The district court made a detailed analysis of the risk posed by plaintiff and carefully considered whether the proposed accommodations are reasonable in terms of the degree of protection they would provide to others, the disruption they may cause to Woodhaven’s programs, and the cost of implementing them. The district court concluded that because the proposed accommodations are reasonable, plaintiff is an “otherwise qualified handicapped individual” within the meaning of § 504 of the Act. I would affirm that portion of the district court’s opinion.

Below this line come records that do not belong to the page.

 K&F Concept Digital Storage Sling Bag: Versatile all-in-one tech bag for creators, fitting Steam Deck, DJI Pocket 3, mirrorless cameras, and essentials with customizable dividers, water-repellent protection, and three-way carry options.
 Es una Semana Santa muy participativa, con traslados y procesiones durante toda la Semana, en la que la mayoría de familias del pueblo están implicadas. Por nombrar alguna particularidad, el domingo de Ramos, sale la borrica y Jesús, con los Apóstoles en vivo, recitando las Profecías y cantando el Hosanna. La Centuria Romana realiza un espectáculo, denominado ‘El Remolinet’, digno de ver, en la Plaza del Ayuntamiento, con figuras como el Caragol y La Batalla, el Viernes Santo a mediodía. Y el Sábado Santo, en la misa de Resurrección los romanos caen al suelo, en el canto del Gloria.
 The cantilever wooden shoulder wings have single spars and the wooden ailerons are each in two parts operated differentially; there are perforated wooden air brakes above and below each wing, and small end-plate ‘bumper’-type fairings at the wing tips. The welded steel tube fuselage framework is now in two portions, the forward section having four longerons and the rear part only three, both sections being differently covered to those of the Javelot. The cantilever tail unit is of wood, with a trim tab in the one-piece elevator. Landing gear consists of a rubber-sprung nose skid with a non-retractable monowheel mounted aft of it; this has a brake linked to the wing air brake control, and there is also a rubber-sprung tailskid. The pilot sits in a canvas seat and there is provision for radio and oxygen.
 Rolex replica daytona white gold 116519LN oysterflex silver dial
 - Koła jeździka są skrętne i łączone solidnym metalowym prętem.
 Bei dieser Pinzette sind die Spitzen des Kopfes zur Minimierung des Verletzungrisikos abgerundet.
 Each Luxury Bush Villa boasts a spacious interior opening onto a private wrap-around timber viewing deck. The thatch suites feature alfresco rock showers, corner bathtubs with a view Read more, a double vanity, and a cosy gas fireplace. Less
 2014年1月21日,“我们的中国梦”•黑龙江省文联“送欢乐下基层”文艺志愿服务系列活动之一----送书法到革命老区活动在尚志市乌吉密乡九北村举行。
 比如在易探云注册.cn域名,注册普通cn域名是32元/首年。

On cross-appeal, I would reverse the district court’s decision not to award attorneys’ fees to plaintiff under 29 U.S.C. § 794a(b). One who successfully obtains court-ordered injunctive relief in a civil rights case “should ordinarily recover an attorneys’ fee unless special circumstances would render such an award unjust.” Newman v. Piggie Park Enterprises, 390 U.S. 400, 402, 88 S.Ct. 964, 966, 19 L.Ed.2d 1263 (1968). The cost of compliance with court-ordered injunctive relief is not a “special circumstance” which justifies denial of attorneys’ fees to a prevailing plaintiff. Robinson v. Kimbrough, 652 F.2d 458, 467 (5th Cir.1981). Nor is the financial condition of the defendant. Entertainment Concepts, Inc. v. Maciejewski, 631 F.2d *945497, 507 (7th Cir.1980), cert. denied, 450 U.S. 919, 101 S.Ct. 1366, 67 L.Ed.2d 346 (1981). Accordingly, I would remand this case to the district court with directions to make findings on reasonable attorneys’ fees and costs and to award same to plaintiff.
. The majority concludes that "protecting three out of four unimmunized staff members is not equivalent to ‘eliminating any significant risk.’ ” Majority op. at 941. This may be a misinterpretation of the statistics on the reliability of the post-exposure treatment. The chance of infection upon exposure is ten to fifteen percent, and the post-exposure treatment is seventy-five percent effective against infection. The seventy-five percent figure should be applied only to those ten to fifteen percent who might become infected without any protection. Under this analysis, only 2.5 percent of the unimmunized staff members who were exposed to the virus and who received the post-exposure immune globulin within 48 hours of exposure would become infected. An even smaller percent would develop a serious form of the disease. Therefore, the district court was correct in holding that the "barrier of protection" proposed by plaintiff and his experts would eliminate any significant risk of transmission of the virus to unimmunized staff members. Kohl, 672 F.Supp. at 1243.
. In assessing the cost to Woodhaven of implementing the proposed accommodations, the majority relies in part on evidence not properly before this court. See majority opinion at 938 n. 6.
. Inoculation of all Woodhaven clients is at least near completion. Kohl, 672 F.Supp. at 1243-44.